Was hat denn ihr Kind? Man kommt in dieser Gruppe gar nicht auf die Idee, eine solche Frage zu stellen. Denn man sieht, dass sie sehr viel haben, vor allem Lebensfreude. Das gilt auch für Linus, der sein Leben bislang liegend verbringt. Er hat einen Zwillingsbruder, bei dem alles okay ist. Linus aber kam mit einem Herzfehler zur Welt, hat viel Zeit im Krankenhaus verbracht und wird zurzeit noch per Sonde ernährt. „Er kann schon schlucken, aber er tut es nicht. Wir üben es langsam, das wird wieder“, sagt seine Mutter. Linus lacht sie an, er ist ein sehr fröhlicher Mensch. Ebenso wie Keyhan, der ein absoluter Sonny-boy ist. „Ich habe fünf Kinder, sie sind alle so“, sagt Keyhans Mutter lächelnd. 

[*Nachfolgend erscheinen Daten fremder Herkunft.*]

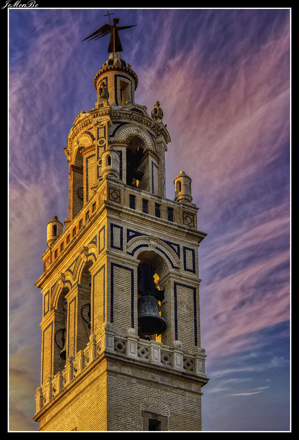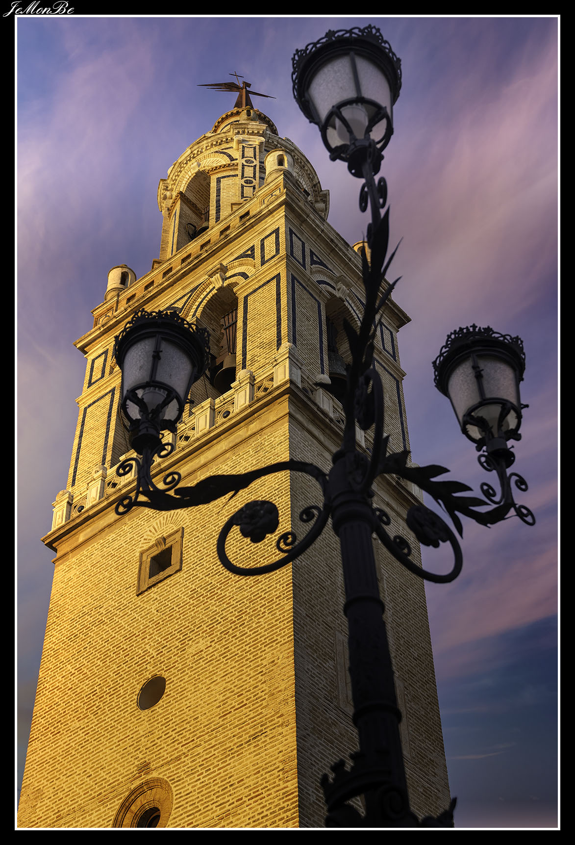 La iglesia parroquial de Nuestra Señora del Carmen, fue un antiguo convento perteneciente al orden de las Carmelitas. La torre se encuentra junto a la portada de la iglesia. Consta de seis cuerpos, en los cuatro inferiores, de planta cuadrada, se repite el mismo esquema, los dos superiores, uno octogonal y otro circular se ornamentan con arcos de medio punto. En el tercer cuerpo aparecen dobles hornacinas que albergan esculturas de mármol de santos de la Orden Carmelita.

Es ist gut, dass mit dem neuen Bundeteilhabegesetz jetzt auch die ICF in Deutschland in den Vordergrund rückt. ICF ist die amerikanische Abkürzung für die internationale Betrachtung von Gesundheit, Krankheit und Behinderung. Die Situation eines Menschen soll der ICF zufolge mit der Frage betrachtet werden: Welche Unterstützung braucht dieser Mensch, um sein Leben wie jeder gesunde Mensch führen zu können? Diesen Unterstützungsbedarf zu klären, selbst etwas anzubieten und Eltern die Möglichkeiten von Beratung, Diagnose und Behandlung aufzuzeigen – dazu ist die Frühförderstelle da. Wertvolle Arbeit!